**TASK ITEM:**
The answer must be an exact transcription of the lines below from the first through the one containing "Модуль защищает сайт", with the pictures left out; please add nothing else.

**DATA EXCERPT:**
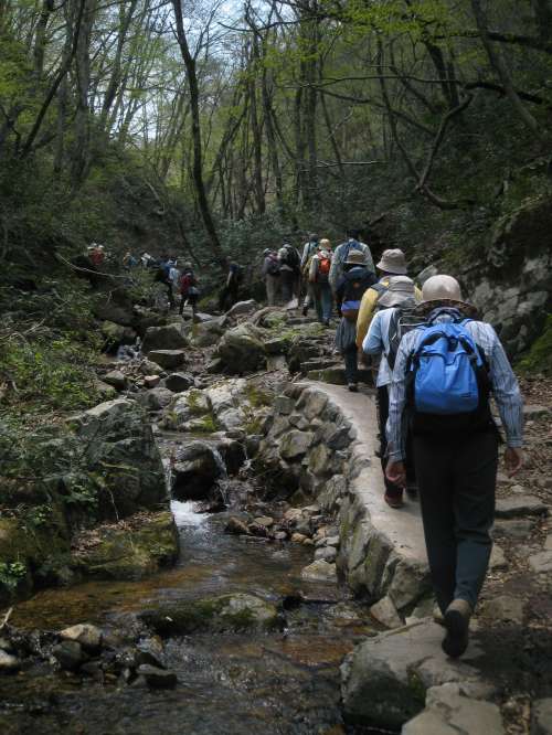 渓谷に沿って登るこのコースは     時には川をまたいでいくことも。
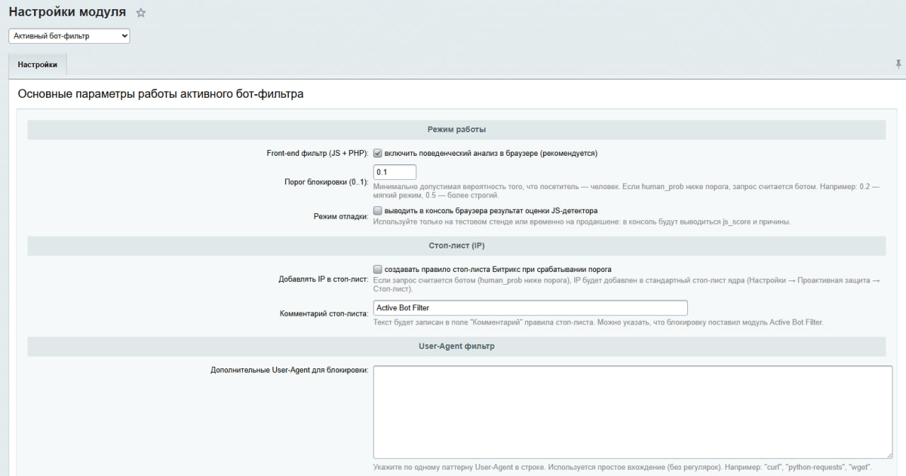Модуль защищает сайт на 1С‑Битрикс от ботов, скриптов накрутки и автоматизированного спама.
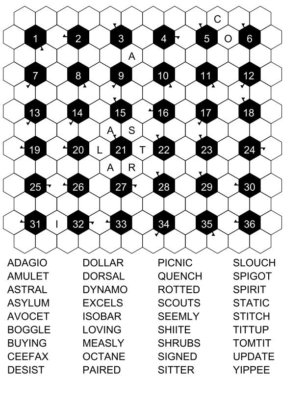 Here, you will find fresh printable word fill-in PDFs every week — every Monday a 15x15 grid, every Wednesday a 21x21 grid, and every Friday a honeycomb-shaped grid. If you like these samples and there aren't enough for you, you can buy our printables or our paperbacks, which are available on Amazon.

**WRITTEN SOLUTION:**
 渓谷に沿って登るこのコースは     時には川をまたいでいくことも。
Модуль защищает сайт на 1С‑Битрикс от ботов, скриптов накрутки и автоматизированного спама.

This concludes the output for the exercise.